TASK.
Before printing, remove every picture; then print the lines below exactly, from the first line through the line containing "MHA plates showing".
══════
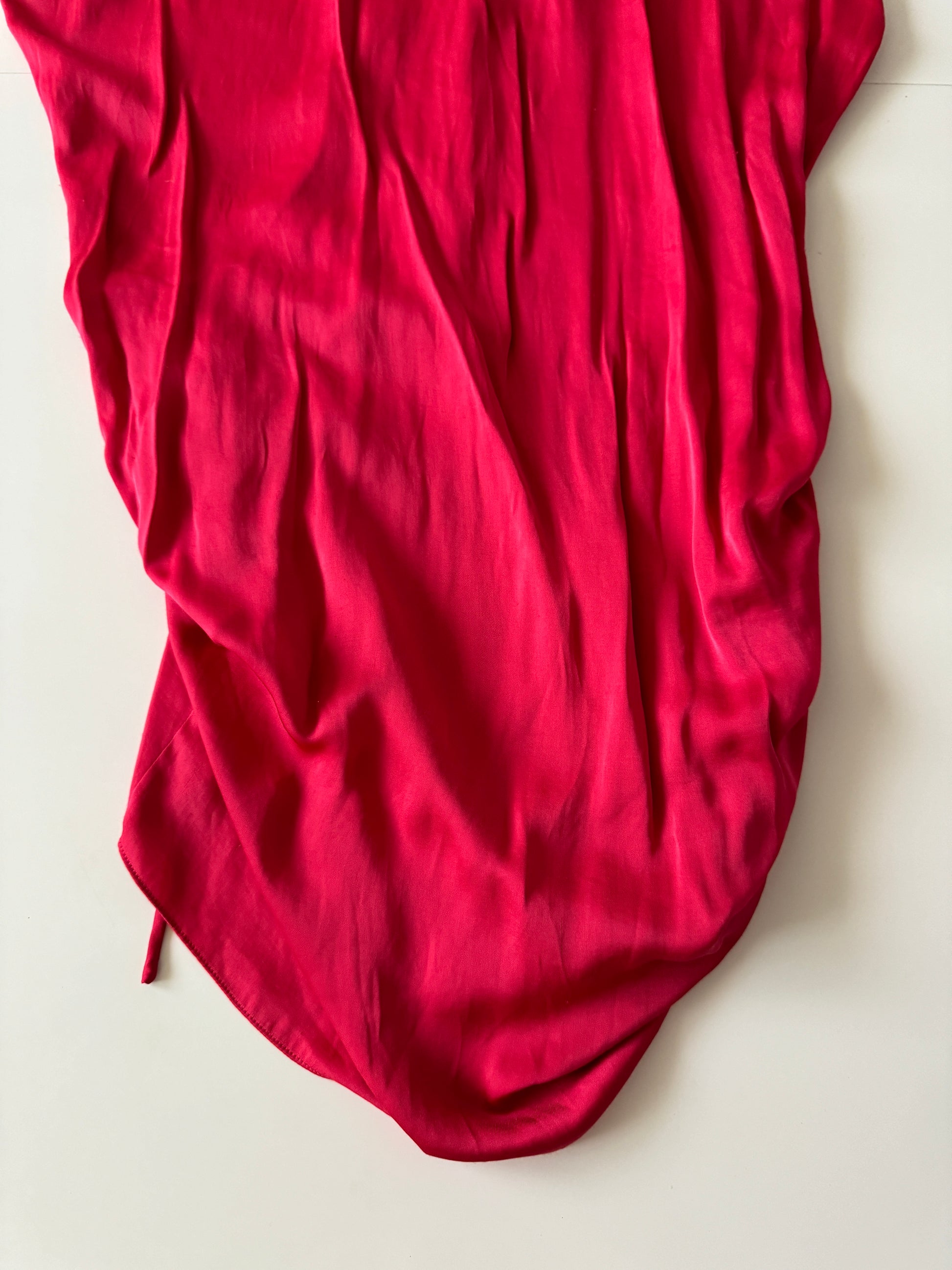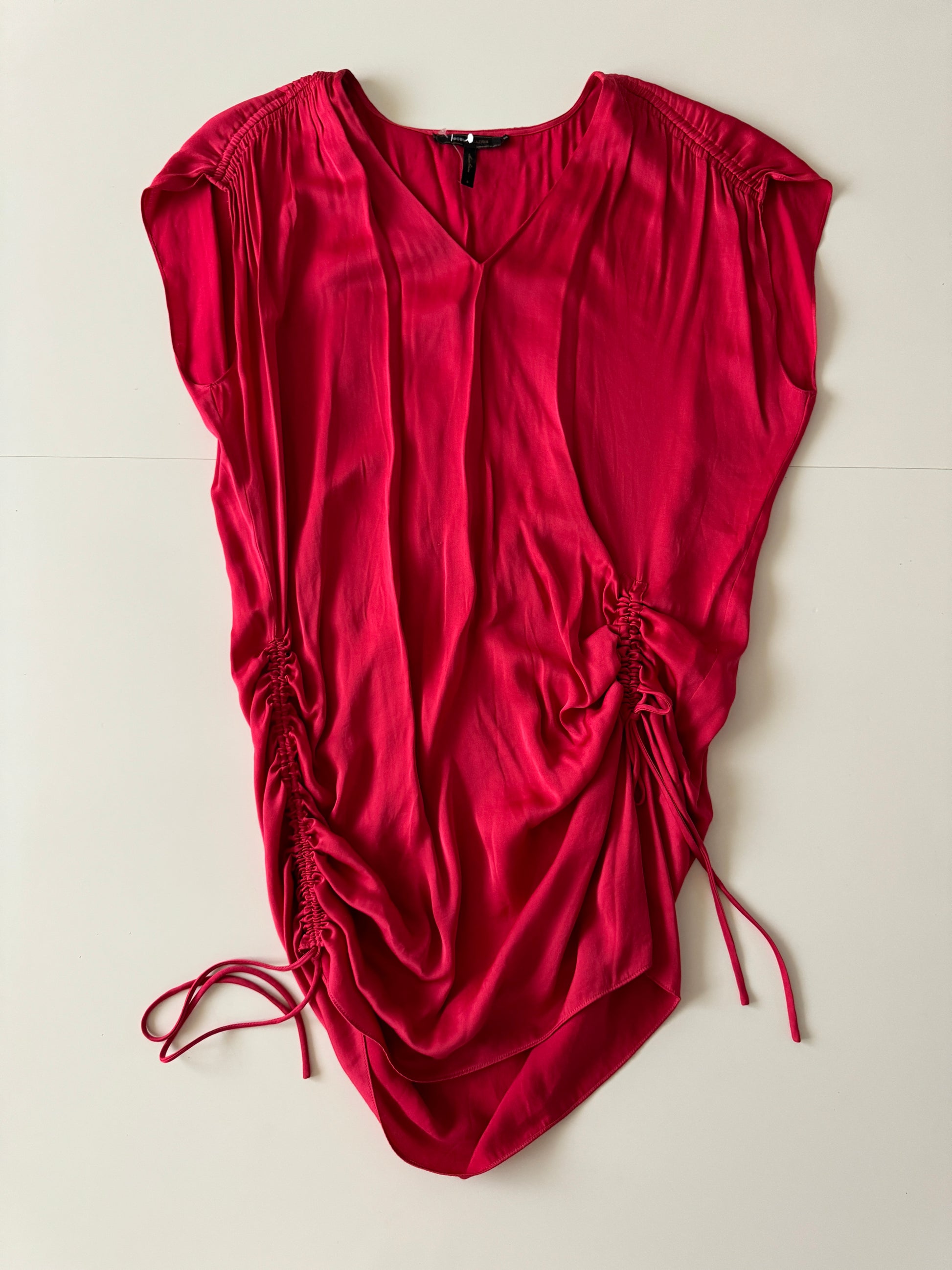 Vestido rojo corto con jaretas en costados, Talla S, Mujer
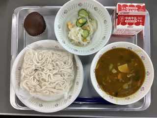 今日のメニューは、カレー南蛮、大根の塩ダレ和え、手作りココアケーキです。
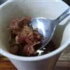 4、五花肉剁成沫,加入半勺生抽与少一汤勺清水搅拌均匀,腌制10分钟;(肉沫加水是为了翻炒时不粘在一团)
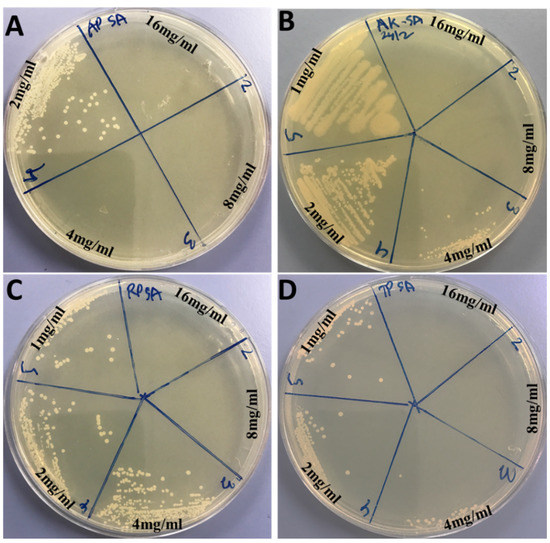 MHA plates showing MBC values for S. aureus ATCC 25923. Plate (A) showing MBC value of 4 mg/mL for Ag3PO4, (B) 8 mg/mL for Se-Ag3PO4, (C) 8 mg/mL for Ag-Ag3PO4, and (D) 8 mg/mL for Ta-Ag3PO4, respectively.
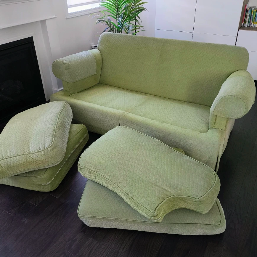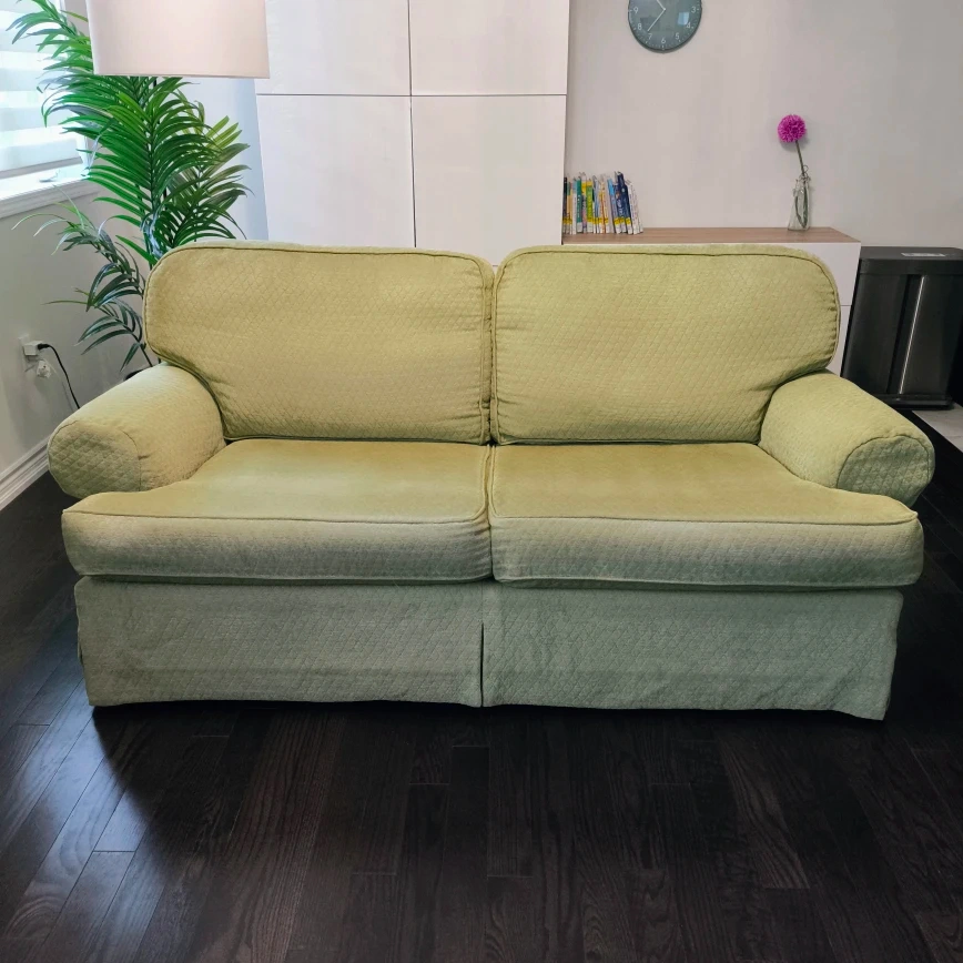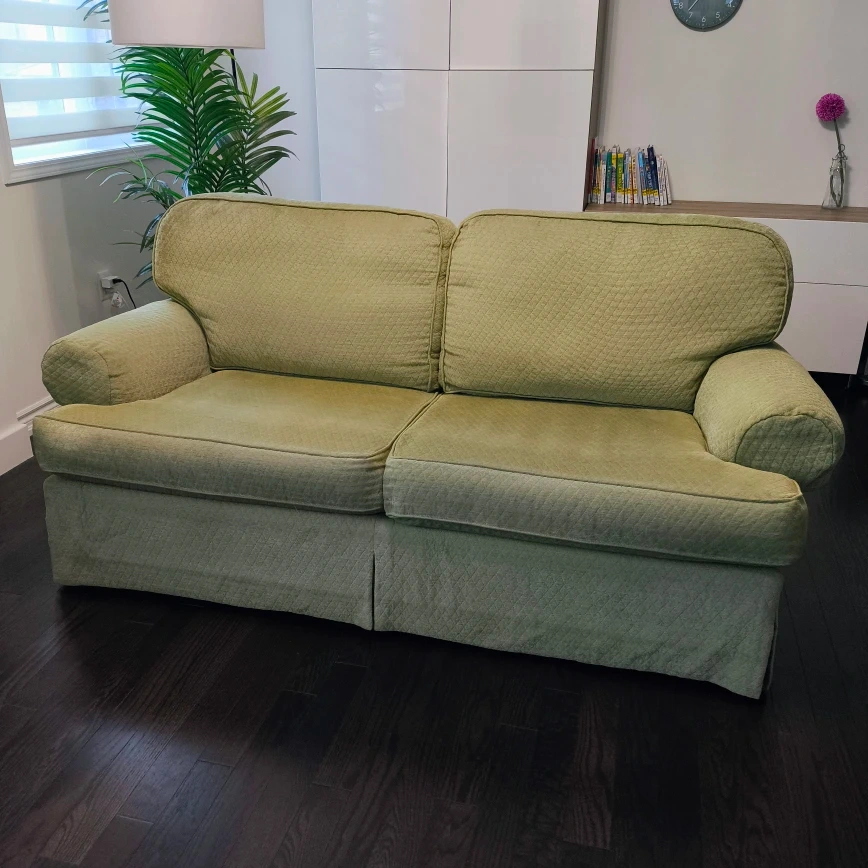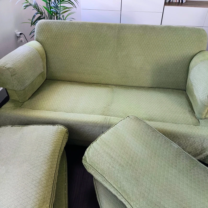 73Classic rolled-arm 3-seater sofa with removable washable covers – great condition! Spacious and cozy sofa (approx. 200cm W x 95cm D x 95cm H) – comfortably seats 3 adults or a family of 4. All cushions are removable with washable covers for easy cleaning. The fabric and frame are in excellent condition with no rips, stains, or damage. Neutral light green color fits easily with any home decor. Very clean and well cared for – ready to use right away!
══════
RESULT.
 Vestido rojo corto con jaretas en costados, Talla S, Mujer
 今日のメニューは、カレー南蛮、大根の塩ダレ和え、手作りココアケーキです。
 4、五花肉剁成沫,加入半勺生抽与少一汤勺清水搅拌均匀,腌制10分钟;(肉沫加水是为了翻炒时不粘在一团)
 MHA plates showing MBC values for S. aureus ATCC 25923. Plate (A) showing MBC value of 4 mg/mL for Ag3PO4, (B) 8 mg/mL for Se-Ag3PO4, (C) 8 mg/mL for Ag-Ag3PO4, and (D) 8 mg/mL for Ta-Ag3PO4, respectively.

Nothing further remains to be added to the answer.